SPARC Logical Domains: Alternate Service Domains Part 1

SPARC Logical Domains: Alternate Service Domains Part 1

In this series we will be going over configuring alternate I/O and Service domains, with the goal of increasing the serviceability the SPARC T-Series servers without impacting other domains on the hypervisor.  Essentially enabling rolling maintenance without having to rely on live migration or downtime.  It is important to note, that this is not a cure-all, for example base firmware updates would still be interruptive, however minor firmware such as disk and I/O cards only should be able to be rolled.

In Part One we will go through the initial Logical Domain configuration, as well as mapping out the devices we have and if they will belong in the primary or the alternate domain.

In Part Two we will go through the process of creating the alternate domain and assigning the devices to it, thus making it independent of the primary domain.

In Part Three we will create redundant services to support our Logical Domains as well as create a test Logical Domain to utilize these services.

Initial Logical Domain Configuration

I am going to assume that your configuration is currently at the factory default, and that you like me are using Solaris 11.2 on the hypervisor.

# ldm ls
NAME STATE FLAGS CONS VCPU MEMORY UTIL NORM UPTIME
primary active -n-cv- UART 256 511G 0.4% 0.3% 6h 24m

The first thing we need to do is remove some of the resources from the primary domain, so that we are able to assign them to other domains.  Since the primary domain is currently active and using these resources we will enable delayed reconfiguration mode, this will accept all changes, and then on a reboot of that domain (in this case primary which is the control domain – or the physical machine) it will enable the configuration.

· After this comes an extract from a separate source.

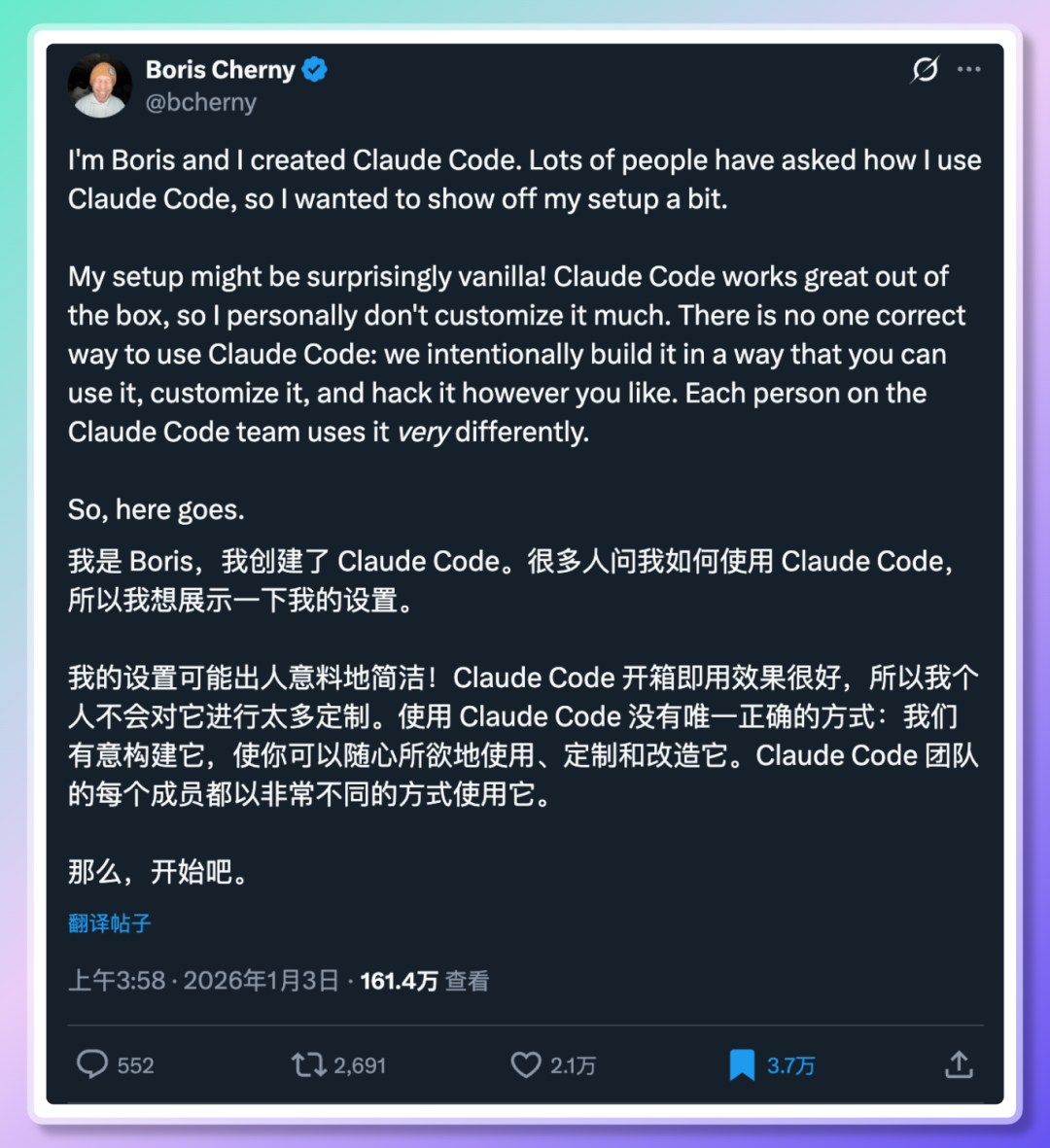 Boris Cherny 作为 Claude Code 之父,他写了一篇非常详细的推文,分享了自己如何高效使用这款工具,以及他和团队在实际工作中如何将 Claude 深度集成进整个工程流程。

# ldm start-reconf primary
Initiating a delayed reconfiguration operation on the primary domain.
All configuration changes for other domains are disabled until the primary
domain reboots, at which time the new configuration for the primary domain
will also take effect.

Now we can start reclaiming some of those resources, I will assign 2 cores to the primary domain and 16GB of RAM.

# ldm set-vcpu 16 primary
------------------------------------------------------------------------------
Notice: The primary domain is in the process of a delayed reconfiguration.
Any changes made to the primary domain will only take effect after it reboots.
------------------------------------------------------------------------------
ldm set-memory 16G primary
------------------------------------------------------------------------------
Notice: The primary domain is in the process of a delayed reconfiguration.
Any changes made to the primary domain will only take effect after it reboots.
------------------------------------------------------------------------------

I like to add configurations often when we are doing a lot of changes.

# ldm add-config reduced-resources

Next we will need some services to allow us to provision disks to domains and to connect to the console of domains for the purposes of installation or administration.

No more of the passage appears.